▸ **Information supplied**:
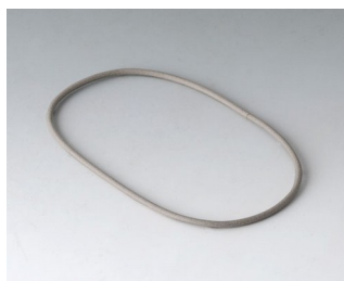
A9500030 Sealing 80
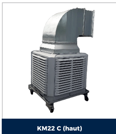
KM22 C (haut)

La gamme KM des rafraichisseurs d'air comporte 3 modèles de 22000 à 35000 m 3 /h qui vous permettront de rafraichir des locaux de grands volumes. Consommation en eau et électricité minime. Idéal pour l'industrie et l'événementiel en alternative à la climatisation industrielle.
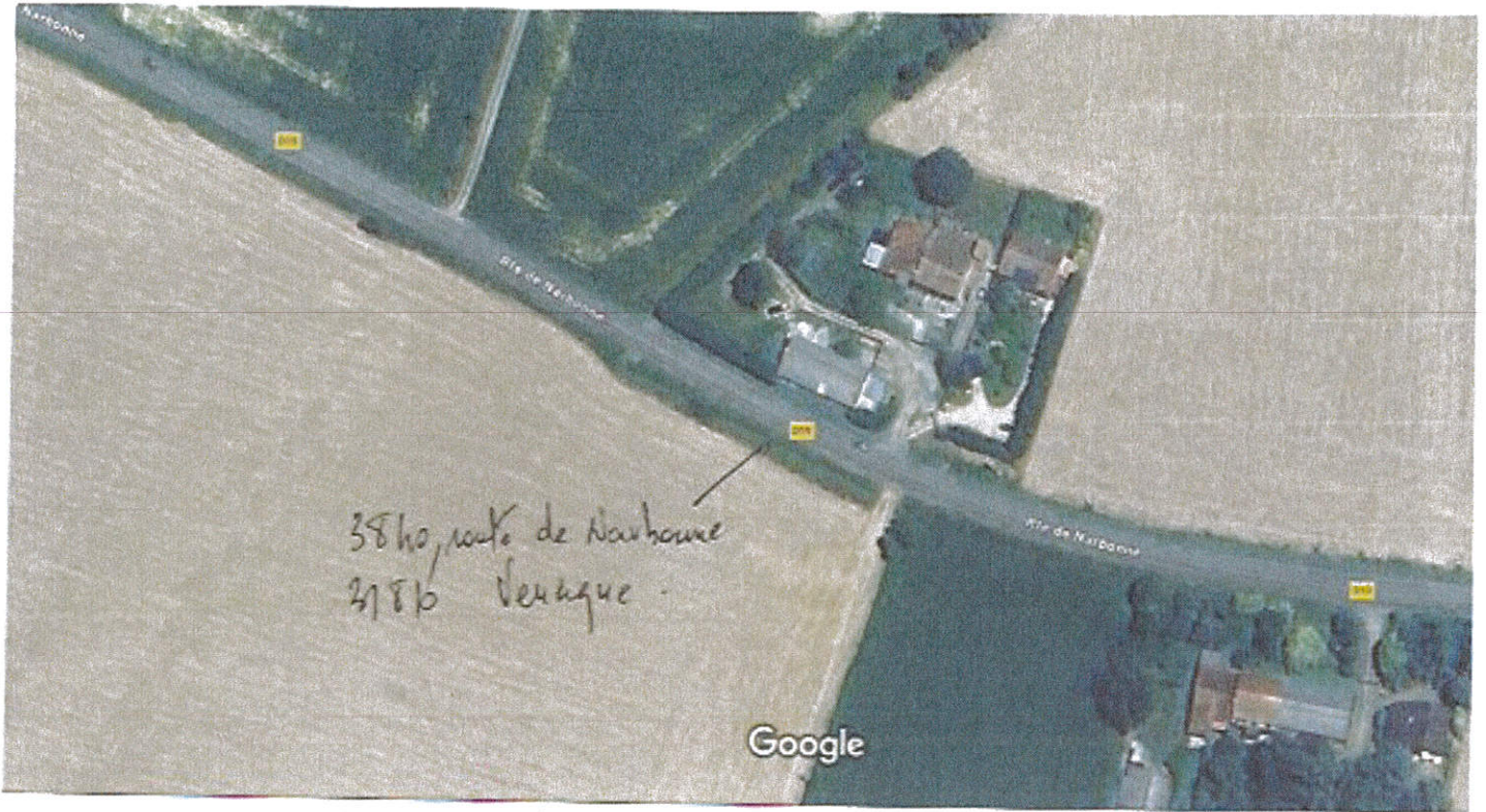
Images ©2024 Airbus, Maxar Technologies, Données cartographiques ©2024 20 m

▸ **Problem requirements**: Set down all of the material word for word, minus its pictures.

▸ **Result for this task**:
A9500030 Sealing 80
KM22 C (haut)

La gamme KM des rafraichisseurs d'air comporte 3 modèles de 22000 à 35000 m 3 /h qui vous permettront de rafraichir des locaux de grands volumes. Consommation en eau et électricité minime. Idéal pour l'industrie et l'événementiel en alternative à la climatisation industrielle.
Images ©2024 Airbus, Maxar Technologies, Données cartographiques ©2024 20 m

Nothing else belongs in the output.